YOUR ASSIGNMENT »
In the records that follow, find the line containing "Lire et compter" and the line containing "Capanna di pertinenza", then transcribe both and every line between them exactly, omitting pictures.

INPUT »
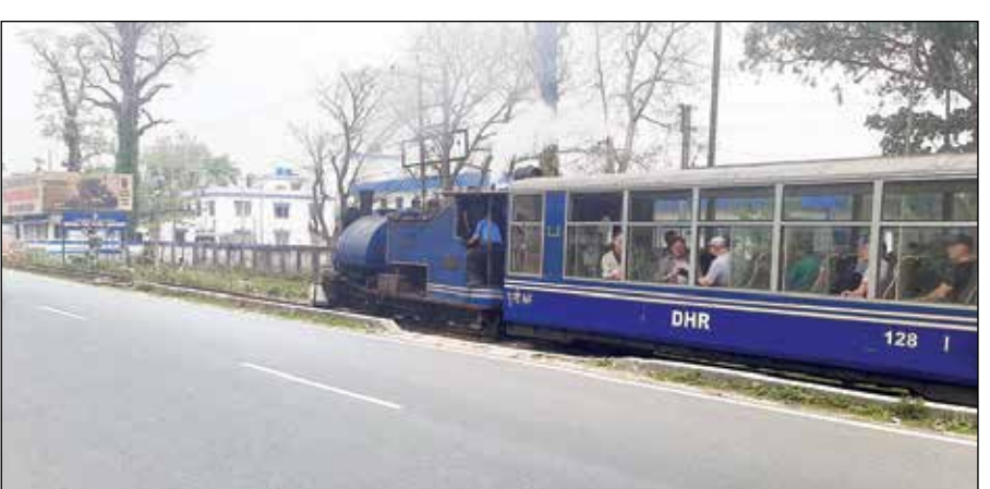
শিলিগুড়ি থেকে দার্জিলিংগামী জাতীয় সড়ক। পাশ দিয়ে ছুটছে টয়ট্রেন।

এক অভিভাবক জানান, স্কুলে এমন ঘটনা কখনও ভাবা যায় না। তিনি বলেন, 'ছেলেকে নিয়ে দুশ্চিন্তা হচ্ছে। প্রিন্সিপাল বিষয়টি গুরুত্ব দিয়ে দেখার আশ্বাস দেওয়ায় আমরা পুলিশের কাছে যাচ্ছি না। অভিযুক্তদের শাস্তি দিক কর্তৃপক্ষ।'
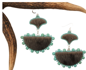
Boucles d'oreilles Ulu en peau de phoque
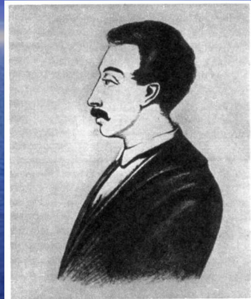
Вильгельм Карлович Кюхельбекер
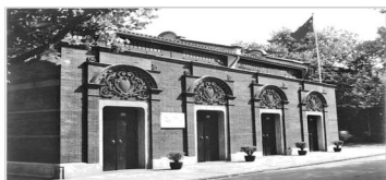
中共一大会址纪念馆（上海）

材料 以下六个纪念馆映证了中国共产党领导新民主主义革命历程中的重大史实，是对青少年进行爱国主义教育和党史教育的重要基地。
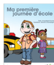
Lire et compter
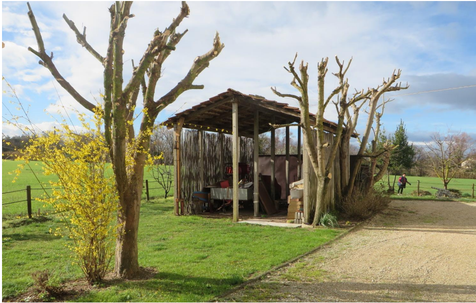
Capanna di pertinenza dell'appartamento situato al piano terra (Bene n. 6)
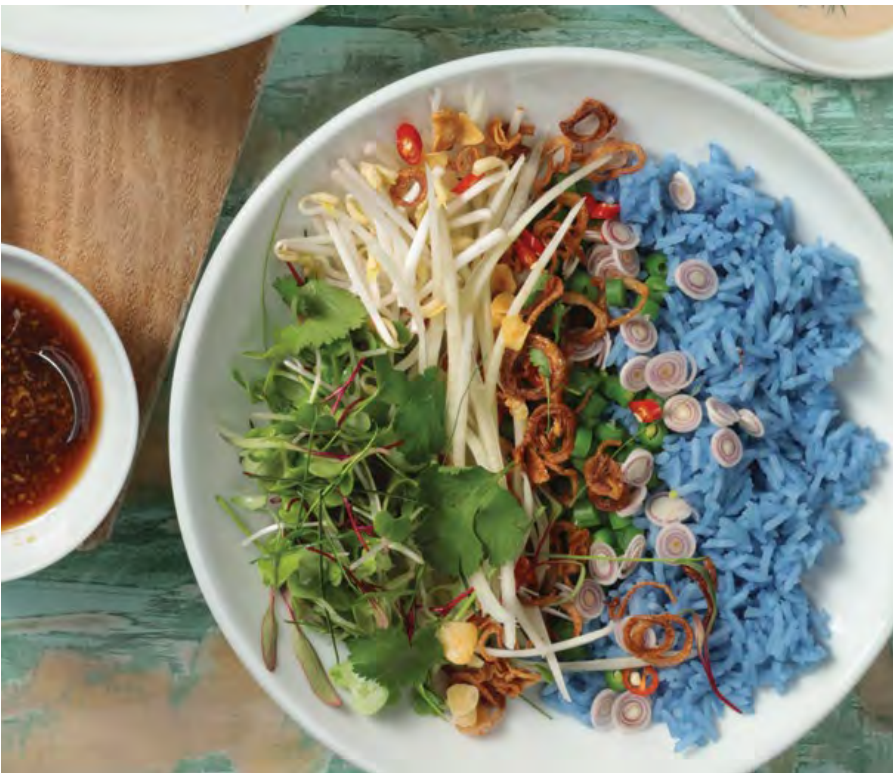
THAI SALAD BOWL 🔥 Arroz jazmín en infusión de flores, raíz china, cortes de papaya verde, habichuelín, limonaria, cilantro, germinados, cebolla ocañera crocante, hojas de limón kafir, chips de ajo y chile. Servida con una vinagreta a base de soya y jengibre. $23.900

EXERCISE RESULT »
Lire et compter
Capanna di pertinenza dell'appartamento situato al piano terra (Bene n. 6)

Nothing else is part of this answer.